Customer Expectations Reset

Customers have come to expect rapid service delivery and highly personalized experiences—expectations shaped and elevated by their interactions with e-commerce platforms and fintech applications. Insurance providers and distributors are now being measured against these standards.

So what are modern customers actively seeking in their insurance experiences?

  • Faster claims resolution

  • Clear, timely communication

  • Personalized interactions

  • Self-service options

Carriers that lag look slow, opaque, and feel frustrating by comparison. The reality is that customers won't wait for transformation plans when better experiences already exist.

Talent Drain and Innovation Slowdown

Modern tools attract modern talent. In contrast, firms that lag in digital transformation struggle to retain and attract skilled employees, especially tech-native employees capable of building, governing, and improving AI systems. When talent leaves for greener pastures, innovation slows. When innovation slows, the competition gap widens.

Greater Exposure to Fraud and Risk

AI is increasingly critical for detecting sophisticated fraud and managing emerging risks. As these threats grow, traditional methods become increasingly inadequate compared to modern detection capabilities. Firms that fail to modernize respond more slowly and are more vulnerable.

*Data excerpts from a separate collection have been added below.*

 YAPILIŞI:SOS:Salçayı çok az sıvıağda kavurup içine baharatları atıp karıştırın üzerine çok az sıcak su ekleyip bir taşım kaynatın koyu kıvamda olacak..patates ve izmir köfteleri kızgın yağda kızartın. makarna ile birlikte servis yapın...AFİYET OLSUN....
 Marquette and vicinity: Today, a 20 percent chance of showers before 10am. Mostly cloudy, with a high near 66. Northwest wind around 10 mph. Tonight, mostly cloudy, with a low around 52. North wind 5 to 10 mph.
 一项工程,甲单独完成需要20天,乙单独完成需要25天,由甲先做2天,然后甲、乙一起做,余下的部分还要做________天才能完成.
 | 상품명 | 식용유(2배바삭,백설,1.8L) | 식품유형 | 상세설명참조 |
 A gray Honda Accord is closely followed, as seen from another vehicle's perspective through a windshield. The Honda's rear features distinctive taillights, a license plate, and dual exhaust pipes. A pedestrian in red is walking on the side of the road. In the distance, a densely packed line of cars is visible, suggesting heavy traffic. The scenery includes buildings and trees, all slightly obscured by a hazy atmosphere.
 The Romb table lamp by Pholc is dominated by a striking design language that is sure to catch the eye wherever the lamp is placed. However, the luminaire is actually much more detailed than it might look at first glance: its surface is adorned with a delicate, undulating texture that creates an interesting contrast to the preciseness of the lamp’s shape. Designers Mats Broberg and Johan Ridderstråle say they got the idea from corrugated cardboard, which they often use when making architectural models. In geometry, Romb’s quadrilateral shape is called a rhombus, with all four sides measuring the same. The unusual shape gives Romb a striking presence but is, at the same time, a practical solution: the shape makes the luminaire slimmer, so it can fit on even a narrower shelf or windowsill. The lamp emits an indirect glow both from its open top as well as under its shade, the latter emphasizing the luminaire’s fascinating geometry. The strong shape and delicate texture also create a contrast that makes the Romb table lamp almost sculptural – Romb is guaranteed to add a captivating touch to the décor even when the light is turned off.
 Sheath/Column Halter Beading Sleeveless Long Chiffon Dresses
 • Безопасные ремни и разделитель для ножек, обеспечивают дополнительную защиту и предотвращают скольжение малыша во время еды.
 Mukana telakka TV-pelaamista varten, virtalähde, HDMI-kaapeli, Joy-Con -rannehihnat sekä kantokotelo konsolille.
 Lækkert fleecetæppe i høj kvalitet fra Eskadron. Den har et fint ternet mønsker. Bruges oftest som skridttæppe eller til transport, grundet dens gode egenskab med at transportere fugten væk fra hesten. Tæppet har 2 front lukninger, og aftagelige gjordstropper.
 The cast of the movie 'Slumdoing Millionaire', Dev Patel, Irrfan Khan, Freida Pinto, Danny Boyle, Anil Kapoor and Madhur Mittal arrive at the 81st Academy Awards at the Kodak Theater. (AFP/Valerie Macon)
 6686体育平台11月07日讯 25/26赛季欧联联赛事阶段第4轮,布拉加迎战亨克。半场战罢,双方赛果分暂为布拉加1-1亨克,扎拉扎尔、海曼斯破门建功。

As a result, providers must rely on blunt measures such as premium increases to offset losses. This approach isn't sustainable and carries reputational risks when preventable issues escalate.

The Real Competitive Advantage

There was a time when calling an organization "AI-powered" set it apart from competitors. Today, nearly every carrier is experimenting with AI in some capacity. The real differentiator now is how effectively organizations implement and scale AI across their operations.

Despite widespread experimentation, only about 7% of insurers have scaled AI beyond pilots. Most remain stuck with testing tools without enterprise ownership.

When AI stays in pilot mode, carriers miss out on:

  • Compounding efficiency gains

  • Institutional learning from live deployment

  • Faster responses to regulatory or market shifts

  • Internal trust needed for adoption at scale

Meanwhile, competitors who treat AI as infrastructure pull ahead. The convergence of regulatory clarity and competitive pressure has created a unique window of opportunity for insurance organizations to modernize with confidence.

What Modernization Actually Requires

Successful modernization is all about operating discipline. In practice, that means building reliable systems, clear governance, and cross-functional alignment that allow AI to deliver consistent, measurable value.

Insurance providers that modernize effectively focus on:

  • Strong foundations: Clean, well-documented data and clear ownership across teams

  • Formal model risk management: Continuous monitoring, testing, and documentation over time

  • High-impact use cases: Claims, underwriting, fraud detection, and customer service, where value is clear and measurable

  • Shared accountability: IT, actuarial, compliance, operations, and business leaders operating together, not in silos

Organizations that build governance frameworks today will set the standard for responsible innovation in insurance tomorrow.

A Final Thought

Regulatory guidance around AI will only increase—federally, at the state level, and globally. And as regulations crystallize, the competitive gap between leaders and laggards will grow. Organizations that turn AI use cases into real infrastructure will move faster, earn trust, and adapt as expectations rise.

This brings insurance players to a critical decision point:

The question they’re asking today isn't whether to modernize. It's whether to do it intentionally now, or under pressure later.